Information provided —

****************************************

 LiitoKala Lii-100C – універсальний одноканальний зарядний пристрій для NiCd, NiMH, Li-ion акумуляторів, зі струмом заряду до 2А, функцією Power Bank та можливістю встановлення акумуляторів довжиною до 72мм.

****************************************

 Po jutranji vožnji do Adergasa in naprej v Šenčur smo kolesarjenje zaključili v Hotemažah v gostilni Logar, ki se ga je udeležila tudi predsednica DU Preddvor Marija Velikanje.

****************************************

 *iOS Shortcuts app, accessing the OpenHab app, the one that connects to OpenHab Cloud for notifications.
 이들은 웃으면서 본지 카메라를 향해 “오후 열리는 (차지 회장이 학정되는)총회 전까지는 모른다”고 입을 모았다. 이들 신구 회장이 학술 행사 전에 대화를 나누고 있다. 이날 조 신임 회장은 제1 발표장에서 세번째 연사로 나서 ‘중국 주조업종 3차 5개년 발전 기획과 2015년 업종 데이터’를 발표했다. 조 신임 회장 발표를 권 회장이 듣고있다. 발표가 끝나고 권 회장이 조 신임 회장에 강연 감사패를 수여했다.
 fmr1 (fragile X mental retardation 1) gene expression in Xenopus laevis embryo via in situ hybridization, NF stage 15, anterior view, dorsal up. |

****************************************

Problem — What you give back should be only the lines of the records above, starting at the line with "Cloud for notifications." and ending at the line with "fmr1 (fragile X", restated word for word.

Expected answer —
 *iOS Shortcuts app, accessing the OpenHab app, the one that connects to OpenHab Cloud for notifications.
 이들은 웃으면서 본지 카메라를 향해 “오후 열리는 (차지 회장이 학정되는)총회 전까지는 모른다”고 입을 모았다. 이들 신구 회장이 학술 행사 전에 대화를 나누고 있다. 이날 조 신임 회장은 제1 발표장에서 세번째 연사로 나서 ‘중국 주조업종 3차 5개년 발전 기획과 2015년 업종 데이터’를 발표했다. 조 신임 회장 발표를 권 회장이 듣고있다. 발표가 끝나고 권 회장이 조 신임 회장에 강연 감사패를 수여했다.
 fmr1 (fragile X mental retardation 1) gene expression in Xenopus laevis embryo via in situ hybridization, NF stage 15, anterior view, dorsal up. |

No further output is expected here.